Так в книге «Метод медитации» Батай обозначает «проклятую долю», которая брезжила нам истинной, но невозможной сущностью жизни души и духа. Она и должна была, очевидно, оставаться невозможной, как жажда веры, жажда прихода Мессии, жажда осуществления и других феноменов иудаизма – невозможных, но принесших столько великих идей, возвысивших дух человеческий.
Батай был бы дорог нам своей идеей обозначить молчание «скользящим словом». По мне бы точнее сказать – «проскальзывающим» к иным предметам и словам, в которых открывается суверенность. Да, это – скольжение с риском в любой миг впасть в «смысл» и тут же быть им закабаленным.
И все же в наш век надежда на то, что молчание независимой души внедрится в «артикулированный язык» деспотии и, разорвав его, выплеснется свободой, осуществилась.

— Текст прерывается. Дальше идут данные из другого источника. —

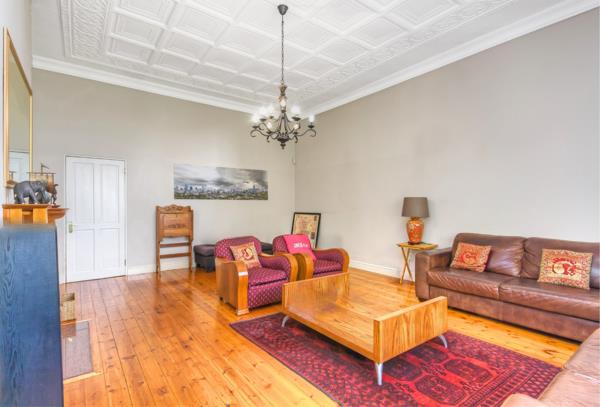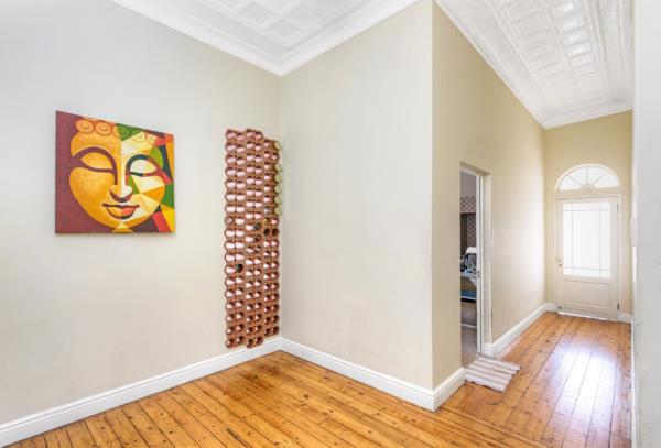 The house retains period character through great proportions, high pressed steel ceilings, wood floors, and bay windows, complemented by tasteful feature light fittings. A wood-burning fireplace anchors the lounge, while two inter-leading reception rooms offer flexibility for entertaining or day-to-day living.

Батай анализирует понятие «мгновения». Я бы уточнил – «исторического мгновения». Оно случается однажды в длительном прозябании под бременем и безвременьем деспотии. Речь идет о как бы подающем знак мгновенном выплеске суверенности души, который тут же улетучивается, отмечая, по выражению Деррида, «насильственный взлом и внезапный побег».
Одно такое мгновение, оказавшись на уже отягченном невыносимой склеротичностью, но на внешний взгляд еще мощном монолите деспотии, выступает, как последний толчок. Оно подобно тем судьбоносным секундам разрушительного землетрясения, которые рассыпают монолит, как карточный домик.
Но после этого невероятно трудно, подчас, кажется, просто невозможно удержаться в этой независимости, ибо она по самой своей сути ни к чему не должна привязываться, не желать собственного сохранения и тем более прибыли с собственного риска. Она, по Батаю, не может даже быть определена, как благо.
«Я очень дорожу этим, но стал бы я так дорожить, если бы я не был также уверен, что могу над всем этим посмеяться?»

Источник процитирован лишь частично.